Chris Pronger: Philadelphia Flyers' 2012 Achilles Heel

Joe Russomanno@@jriding4evrCorrespondent IJuly 25, 2011

PHILADELPHIA - JUNE 04:  Dustin Byfuglien #33 of the Chicago Blackhawks and Chris Pronger #20 of the Philadelphia Flyers cross sticks in Game Four of the 2010 NHL Stanley Cup Final at Wachovia Center on June 4, 2010 in Philadelphia, Pennsylvania.  (Photo by Bruce Bennett/Getty Images)
Bruce Bennett/Getty Images

Since his 2009 arrival Chris Pronger has been a catalyst to the Philadelphia Flyers’ success. The previous two years saw playoff exits at the hands of Sidney Crosby and the Pittsburgh Penguins.

His season-ending back injury, which looks to carry over to this year, hurt the team in a big way. Before I continue, let me just say, I am a huge fan of Chris Pronger.

In Pronger’s first season with the Flyers they saw their first appearance in the finals in a decade. The road to that appearance proved more tumultuous than a daytime soap opera.

Rumors swirled of Chris Pronger feuding with then-captain Mike Richards. The team went on one of the franchise’s worst slides ever. This slide led to the firing of then-coach John Stevens. The team was further plagued by the loss of Ray Emery. Emery looked to be the long lost savior between the pipes until then. The Flyers would go through umpteen starting goaltenders because of injuries. Through all of this, the team rallied around battle hardened veteran Chris Pronger.

The team fought hard through the final months of the season. Peter Laviolette had replaced Stevens at the helm and leaned heavily on a Pronger-led defense. The team ended up needing a final game shootout against division rival New York Rangers to make the playoffs.

As a seventh seed, the Pronger-led Flyers crushed the second-seeded Devils. They went on to the next round against Boston. The Flyers found themselves down three games to none. Miraculously they battled back and defeated Boston in a history-making rally. No one had done such a feat in over 30 years.

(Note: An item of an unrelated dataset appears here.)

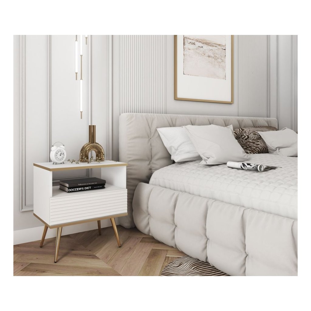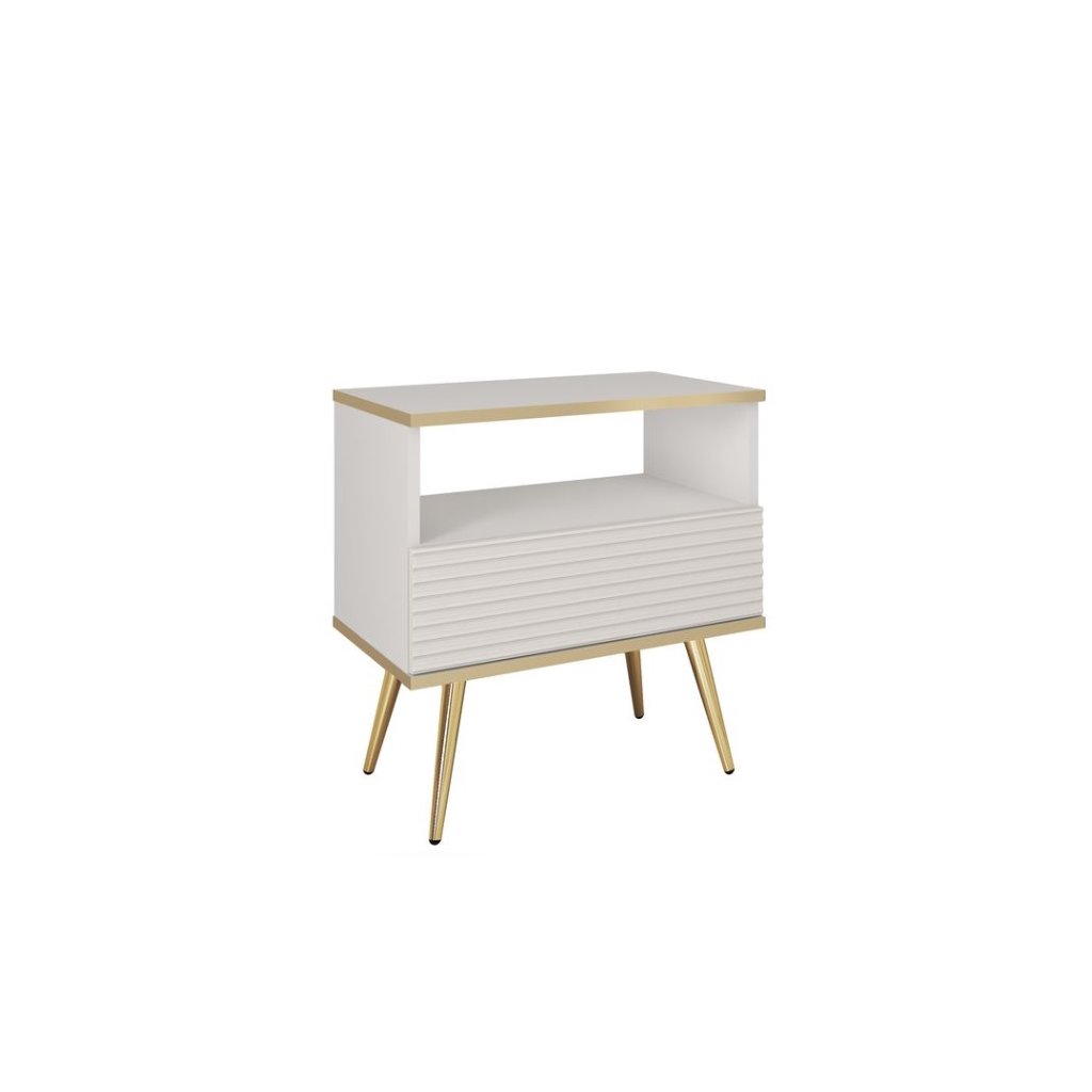 Nočný stolík BIJOU S-547 MDF | biela / zlaté nohy

But the Flyers went on to lose in the final round. Let’s face it: they never were supposed to be there. They had a career backup goalie they found on the scrap heap. They were down 3-0 to Boston. This was a team that needed the last game to make the playoffs.

Only a year earlier this team let up a 3-0 lead in an elimination game to Pittsburgh. What happened? Chris Pronger is what happened.

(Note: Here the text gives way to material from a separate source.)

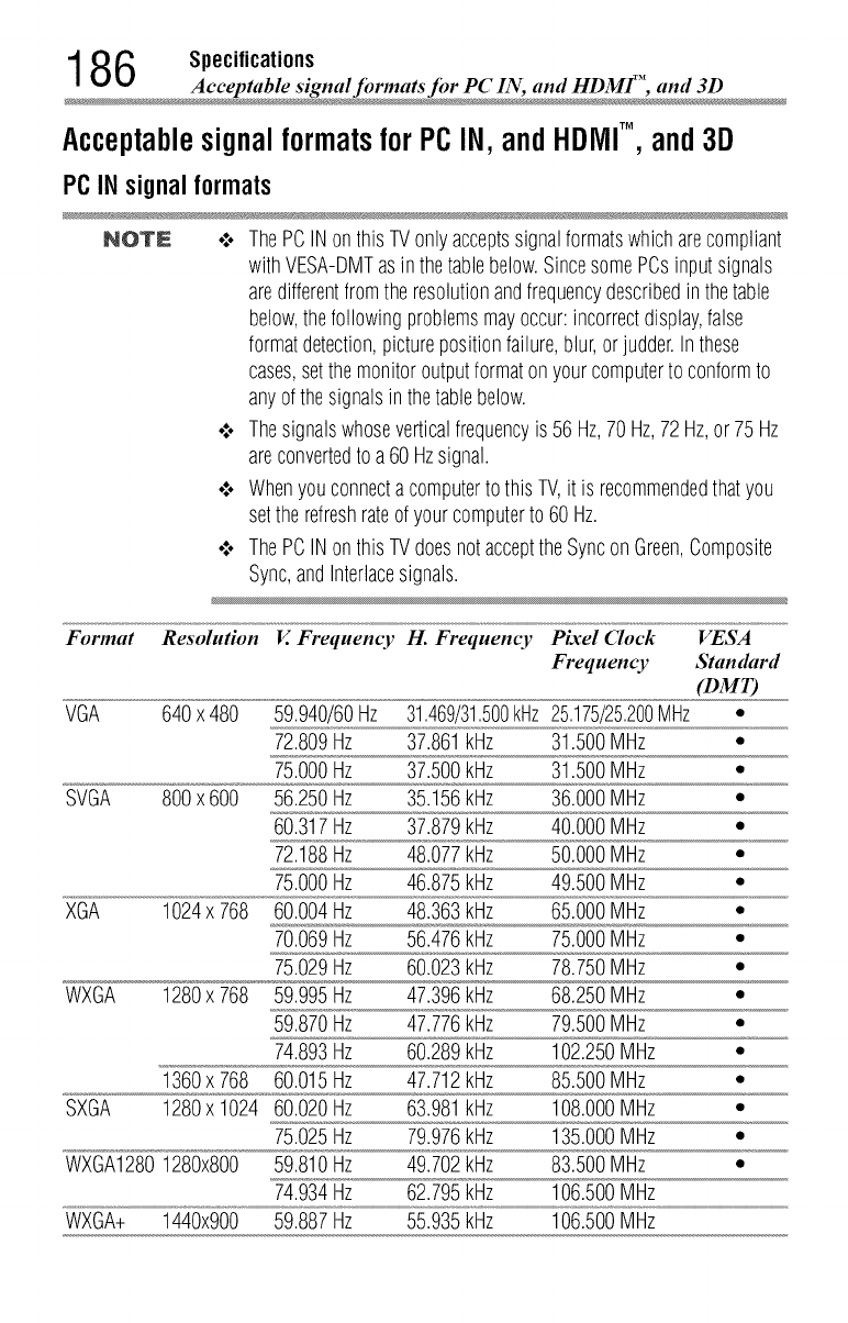PC IN signal formats 186

This past season the Flyers looked absolutely unstoppable until the trade deadline. People look to blame Chris Versteeg as the bad luck charm. Luck had nothing to do with this.

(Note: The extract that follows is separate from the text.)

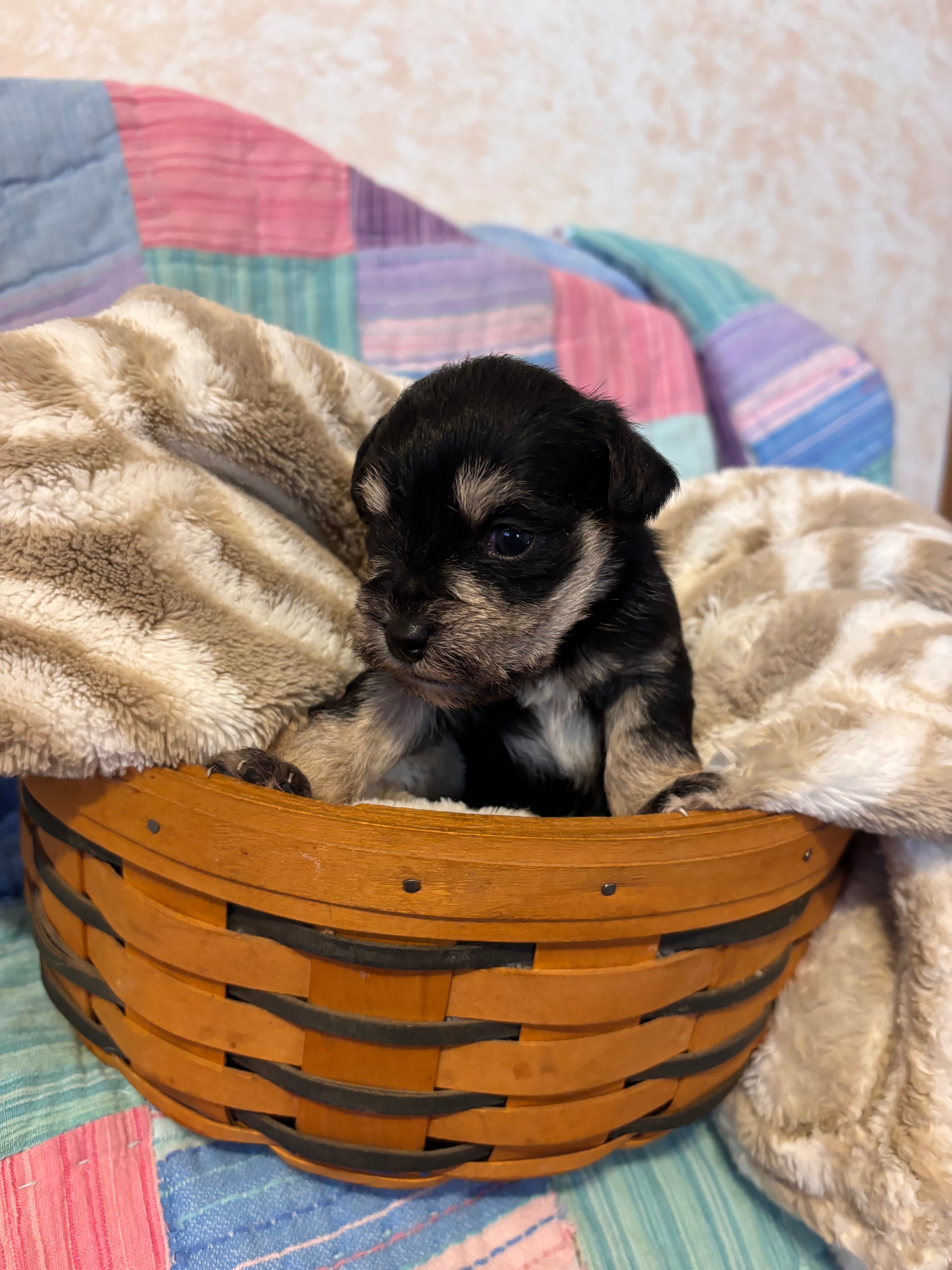 For over 20 years Debbie St. Louis, Colorado Springs veterinarian and her family of 7 have raised hypoallergenic schnauzer puppies and now poodle and schnoodle babies. We do a few select litters each year. Each puppy is trained, evaluated and handled with the utmost care as members of our family. We are very careful about the health history of our parents, the nutrition of all the dogs and the health of the puppies.

Rumors again started to swirl that the locker room was once again in turmoil. The team even got shut out at home March 30th by the woeful Atlanta Thrashers. Chris Pronger, of course, was a non-healthy scratch for that game.

With Chris Pronger injured, the team looked like the Titanic after it bumped into the iceberg. They got shut out in games they had no business losing. Their captain even got pushed around and looked to lose a fight against Brandon Dubinsky. Chris Pronger by contrast always looked infuriated after a loss and never satisfied after a win.

While the Flyers hung on for dear life against seventh-seeded Buffalo this year, Pronger made a brief appearance. The Flyers found themselves facing elimination in Game 6. They dug an early 3-1 hole for themselves and it didn’t help Peter Laviolette made an uncharacteristic mistake by starting Michael Leighton in net.

Chris Pronger played limited minutes in this contest. However any fan who watches the team all year had to see a difference. This team played inspired through the second half of the game as Danny Briere added in some heroics too. This team had fire in its belly that was absent the five games before.

The Flyers went on to defeat the Sabres in seven games. The next round they had to face the revenge driven Bruins without Chris Pronger. The result: lambs to the slaughter.

The Flyers just can’t seem to find fight without Pronger in the lineup. As great as he is, Chris Pronger struggles to stay healthy.

General manager Paul Holmgren has addressed this lack of leadership through some acquisitions. Max Talbot, while not as offensively talented as Mike Richards, is even more defensively talented. Talbot has a plus-12 postseason resume and a game-winning, series-clinching goal for a Stanley Cup. Mike Richards was minus-11 in the postseason.

Wayne Simmonds looks to add some firepower and plain old fire. He plays physical and scrappy like a younger Richards.

Can they give what the team lacks without Chris Pronger? Flyer fans can only hope they do. One thing is certain—Mike Richards did not. That lack of leadership and inspiration prompted the trade.

It should be noted some players did play with fire notably in the last post season. They would be known as Danny Briere and James Van Riemsdyk. With Chris Pronger missing a good part of the next season, one of these two will don the “C.” Hopefully the team responds.